SWAZILAND — On July 20, 2017, in Bay Shore, New York, a chapter of the Thirst Project held a fundraiser at the art studio chain Pinot’s Palette to finance the next well they hope to build in Swaziland, a small nation in southern Africa. The Thirst Project is a national organization that works to mobilize young people to end the global water crisis. Since its founding in 2008, the organization has completed 1,754 clean water projects in 13 different countries. They have served 285,599 people that previously did not have access to clean water sources.
This New York chapter, run by students and one faculty adviser of West Islip High School, has operated since 2012. Since then, they have a raised a cumulative total of approximately $80,000. The high school ranks second on the Thirst Project’s list of top fundraising schools. Also, two of the chapter’s former co-presidents, Alicia Villafana and Taylor Sorice, rank first and second respectively on the organization’s list of top fundraising students.

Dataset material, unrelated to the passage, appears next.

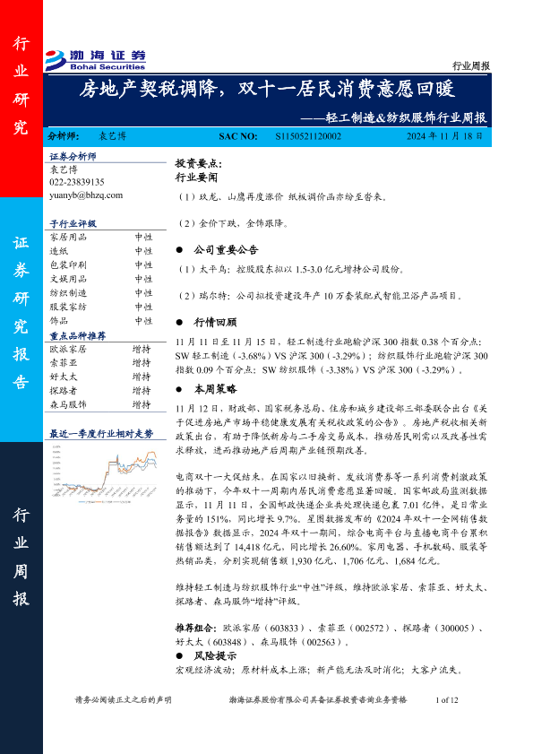 【渤海证券】【20241118】轻工制造&纺织服饰行业周报:房地产契税调降,双十一居民消费意愿回暖-12页

“We funded a well in Uganda, a well in El Salvador…four wells in Swaziland, and 30 bio-sand filters in India,” faculty adviser, Paola Pozzaglia Nilsen told The Borgen Project. Nilsen has been the group’s adviser since it began at the school in 2012. She originally found out about the organization from the Twitter account of NCIS actor and a member of the Thirst Project Board of Directors Pauley Perrette. Interested in the cause of ending the global water crisis and involving young people in nonprofit work, she contacted Seth Maxwell, the founder of the Thirst Project, to learn how to set up a branch of the Thirst Project at her own school.
Maxwell founded the Thirst Project in 2008 as a college student in Los Angeles after learning from a friend that approximately 1.1 billion people did not have access to a safe source of drinking water. He began by raising awareness of the issue and handing out free water bottles on Hollywood Boulevard. As knowledge of his efforts spread and schools began asking him to speak to their students, Maxwell’s funds grew from $70 to $12,000. Spreading its influence across high school and college campuses, the Thirst Project is now a nationwide organization.
Though the Thirst Project serves 13 countries, its primary goal is to provide everyone in Swaziland with clean water by 2022. The organization would then present their model to the United Nations and other organizations. “[The model would be] proof that clean water can be provided to an entire country,” Nilsen states.
The Thirst Project employs local hydrologists and geologists in the building of community wells. It also requires of its communities sweat-equity hours and a water commission, consisting of five men and five women. These requirements ensure that the community is completely involved and responsible for the construction and maintenance of its well.
“They feel like it’s a step up and a way to get to school, become entrepreneurs, especially the women, and be safe,” says Nilsen, adding that the long walk many women and children take every day to fetch unsanitary water can be fraught with danger.
According to the World Health Organization, 884 million people still lack access to a basic source of drinking water. Approximately 842,000 people die from diarrhea as the result of unsafe drinking water and sanitation. These factors also relate to the transmission of diseases like cholera, dysentery, typhoid and polio.
The Thirst Project, however, believes that if its sustainable model can succeed by providing clean water in Swaziland, other organizations and governments may adopt their model and continue working to bring clean water to as many people as possible.